# [THE INPUT]
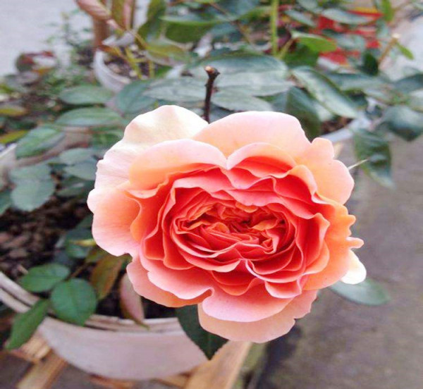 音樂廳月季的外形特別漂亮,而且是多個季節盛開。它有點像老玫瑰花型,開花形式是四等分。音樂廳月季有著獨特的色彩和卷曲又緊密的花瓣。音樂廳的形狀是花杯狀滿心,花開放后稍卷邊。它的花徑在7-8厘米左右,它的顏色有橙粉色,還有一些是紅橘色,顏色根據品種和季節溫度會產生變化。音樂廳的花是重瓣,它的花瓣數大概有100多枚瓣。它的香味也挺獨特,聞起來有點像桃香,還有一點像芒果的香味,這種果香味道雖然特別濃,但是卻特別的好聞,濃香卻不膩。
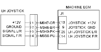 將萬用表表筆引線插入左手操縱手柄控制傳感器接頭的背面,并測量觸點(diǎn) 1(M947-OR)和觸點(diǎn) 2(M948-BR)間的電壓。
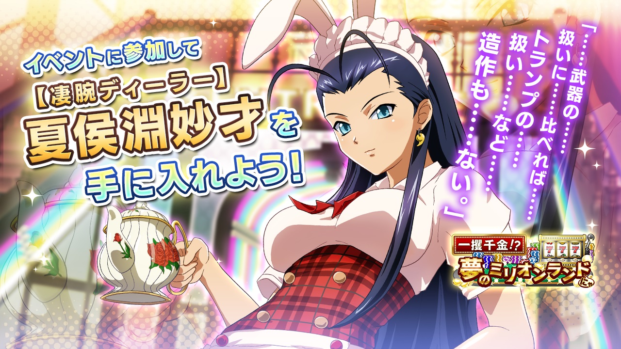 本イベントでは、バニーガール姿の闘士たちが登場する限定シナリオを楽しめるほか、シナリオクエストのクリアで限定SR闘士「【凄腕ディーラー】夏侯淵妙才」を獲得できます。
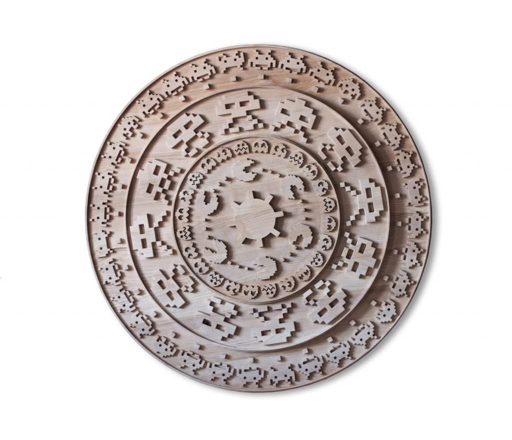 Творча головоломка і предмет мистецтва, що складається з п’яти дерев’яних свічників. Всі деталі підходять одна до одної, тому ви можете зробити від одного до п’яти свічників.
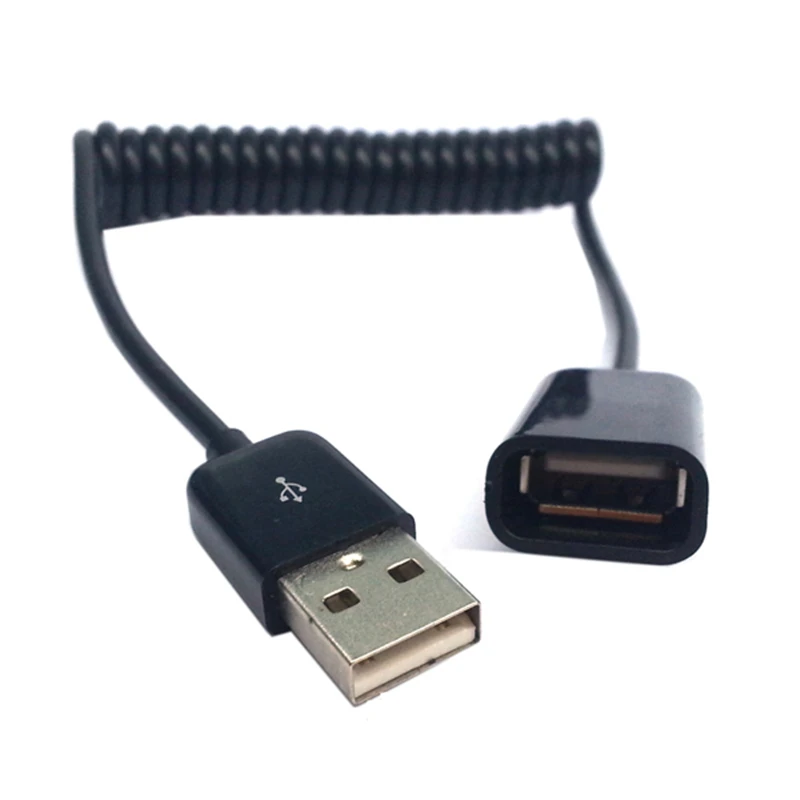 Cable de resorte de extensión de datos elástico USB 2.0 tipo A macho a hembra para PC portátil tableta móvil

* * *

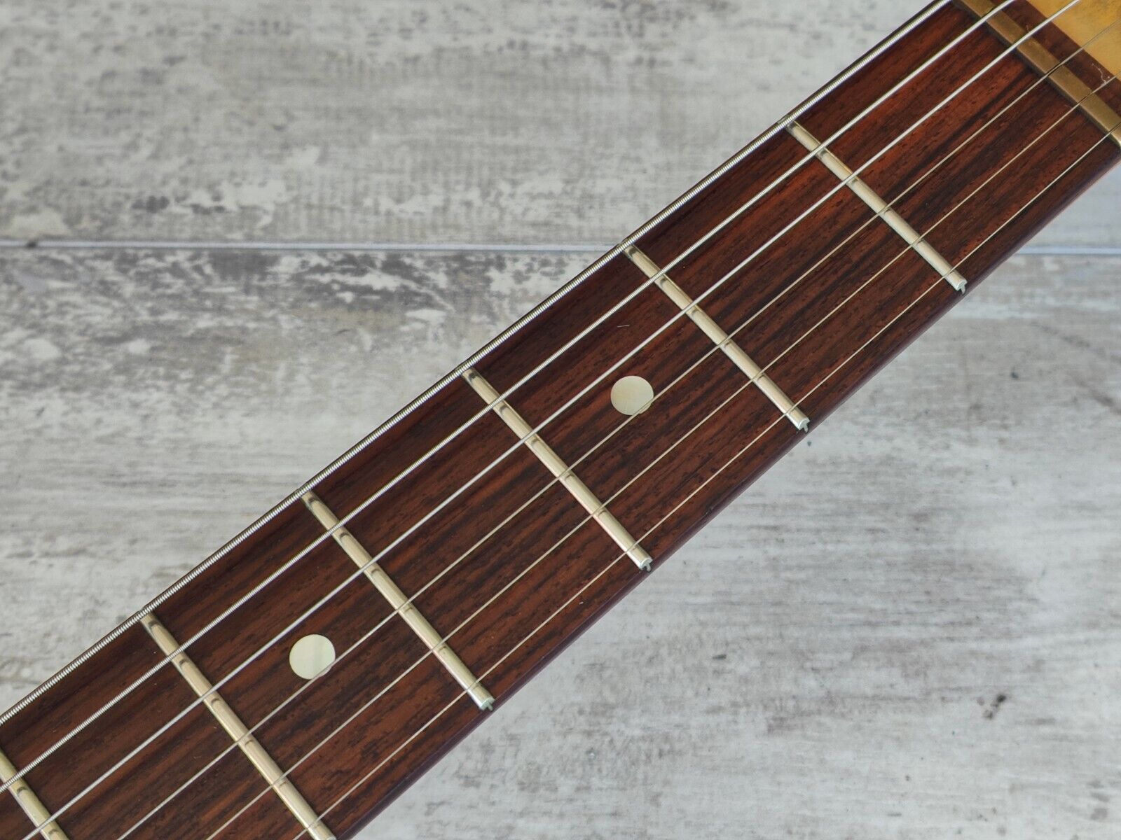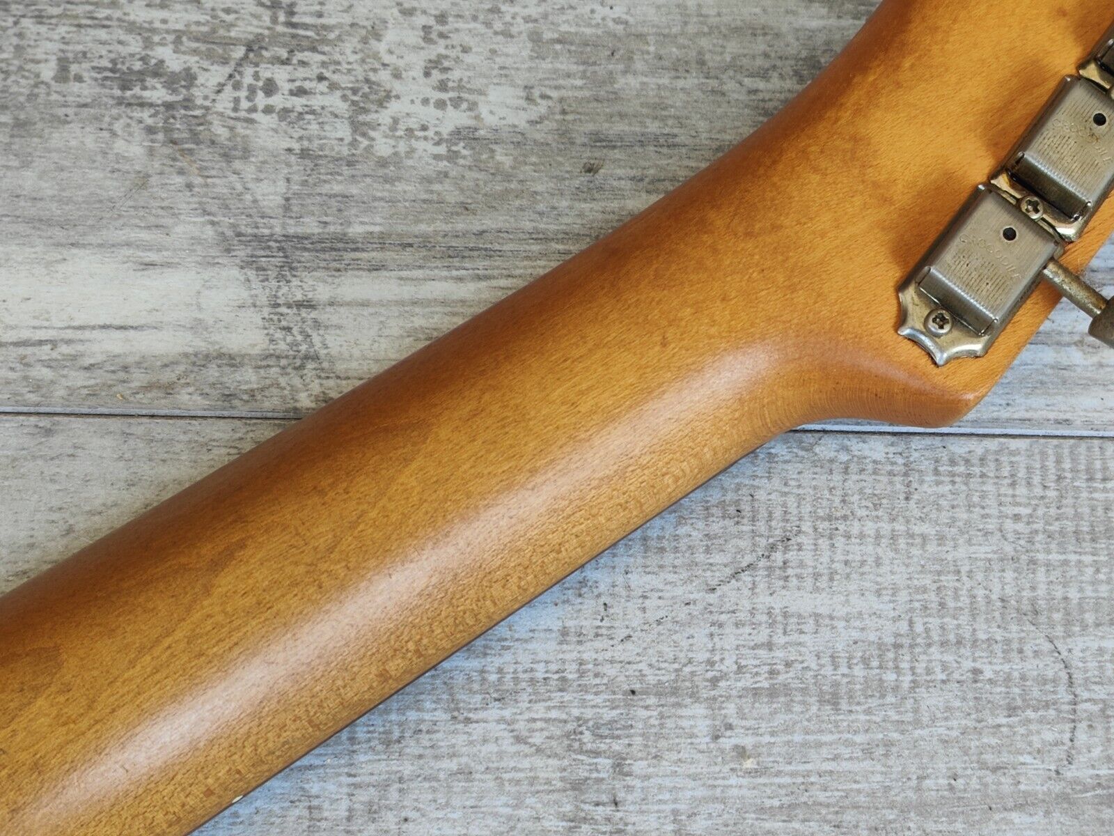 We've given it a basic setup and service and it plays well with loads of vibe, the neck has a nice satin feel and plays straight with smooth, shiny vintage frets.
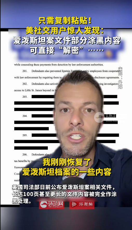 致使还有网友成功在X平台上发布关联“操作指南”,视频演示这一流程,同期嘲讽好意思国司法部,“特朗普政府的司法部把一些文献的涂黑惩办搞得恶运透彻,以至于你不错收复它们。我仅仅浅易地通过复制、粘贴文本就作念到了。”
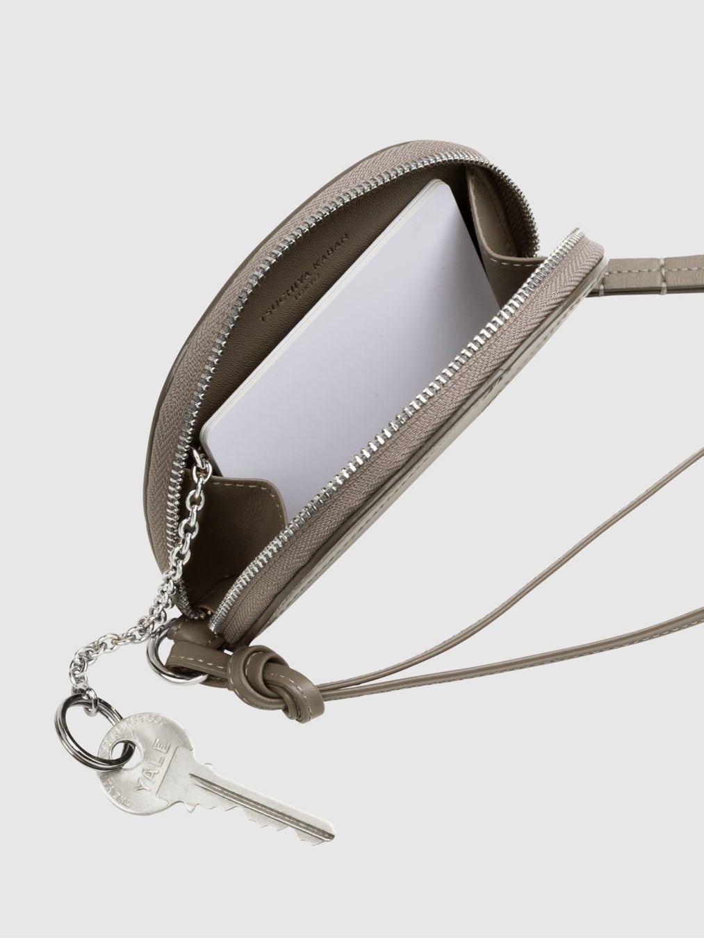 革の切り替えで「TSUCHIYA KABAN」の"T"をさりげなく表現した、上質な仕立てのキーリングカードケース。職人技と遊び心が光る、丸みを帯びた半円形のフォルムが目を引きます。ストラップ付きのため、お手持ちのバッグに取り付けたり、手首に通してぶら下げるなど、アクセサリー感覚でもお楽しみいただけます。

--

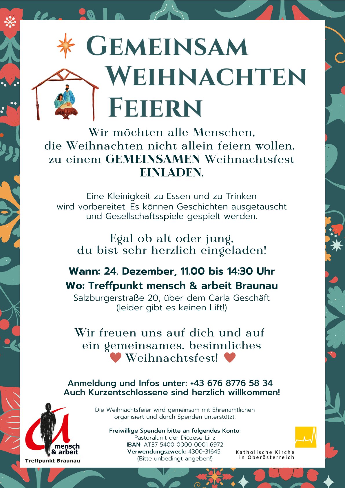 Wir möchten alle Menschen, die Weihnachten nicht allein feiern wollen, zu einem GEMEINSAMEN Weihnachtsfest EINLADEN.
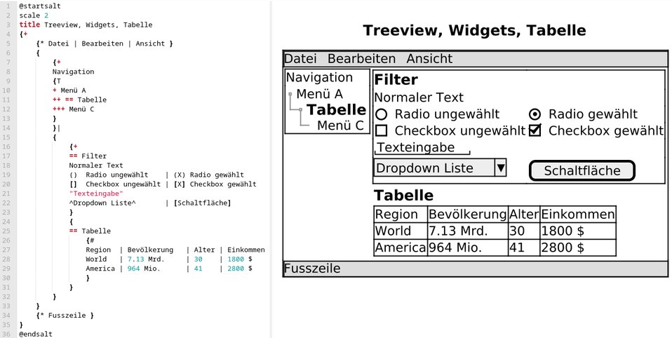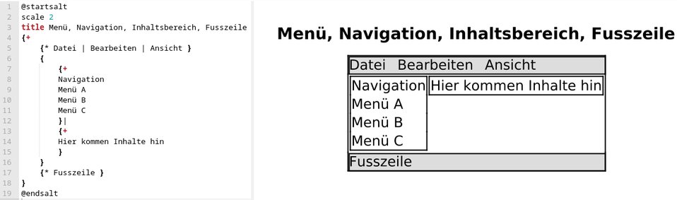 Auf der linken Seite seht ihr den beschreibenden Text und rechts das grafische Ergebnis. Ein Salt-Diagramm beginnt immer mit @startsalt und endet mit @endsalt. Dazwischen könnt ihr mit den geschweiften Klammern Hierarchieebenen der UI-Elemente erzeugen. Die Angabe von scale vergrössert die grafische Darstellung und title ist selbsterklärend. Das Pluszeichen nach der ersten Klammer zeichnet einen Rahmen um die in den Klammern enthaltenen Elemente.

# [EXERCISE]
When you reach the line with "Wir möchten alle" in the records above, begin repeating the lines exactly, and stop after the line with "Auf der linken". Skip all pictures.

# [TASK SOLUTION]
 Wir möchten alle Menschen, die Weihnachten nicht allein feiern wollen, zu einem GEMEINSAMEN Weihnachtsfest EINLADEN.
 Auf der linken Seite seht ihr den beschreibenden Text und rechts das grafische Ergebnis. Ein Salt-Diagramm beginnt immer mit @startsalt und endet mit @endsalt. Dazwischen könnt ihr mit den geschweiften Klammern Hierarchieebenen der UI-Elemente erzeugen. Die Angabe von scale vergrössert die grafische Darstellung und title ist selbsterklärend. Das Pluszeichen nach der ersten Klammer zeichnet einen Rahmen um die in den Klammern enthaltenen Elemente.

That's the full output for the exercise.